Dixie loved food (any kind), routine, doggie puzzles (with food inside), playing with her people, doing tricks, chasing squirrels and rabbits, and finding a sunbeam to sleep in. She had a mischievous streak a mile wide, and was an opportunist. She would grab any food she could reach in the kitchen, and loved to steal and eat paper (including money)  and cardboard. But she was gentle, loving, and affectionate. Well, mostly. She was an aggressive “greeter” at the door, and attacked it like a junkyard dog if someone knocked. (And don’t get me started on the mailman!) But once we had let them in, and they were “inside” guests, she welcomed them and considered them family.

This year, Dixie turned 13 (91 in dog years) and became more of a “cranky old lady” than ever before. She barked at everyone and everything that crossed her field of vision, and started ignoring lifelong “boundaries” that she had always obeyed before. It was as if she was saying, “I’ve had enough of this stuff. From this point on, I’m not taking any crap!” She turned deaf about a year ago, and developed cataracts. I’m sure that had a lot to do with it.

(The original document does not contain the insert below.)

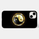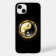 Joias, símbolo yin yang dourado e preto em um fundo preto. Yin yang dourado.

Last night she started having frequent seizures and seemed like she was in some pain. Today we took her to a lovely emergency pet hospital and found out that this was her last day. We said our last goodbyes and loved her on her way.

And now the house is very quiet. And lonely. And we grieve and ponder this marvelous gift that God so graciously entrusted to us. And the non-judgmental unconditional love and friendship that she brought into our lives. We’re so glad that Chris and Willow dropped by just a couple of days ago, and we brought her out on the porch on her leash to visit with them. When she went back inside, Willow quietly said, “Goodbye, Sister!”

One day another dog will make itself at home in our house. Our family. But not yet. Too soon. For now, we will take a dog break and treasure Dixie’s memory. Thank you, Dixie.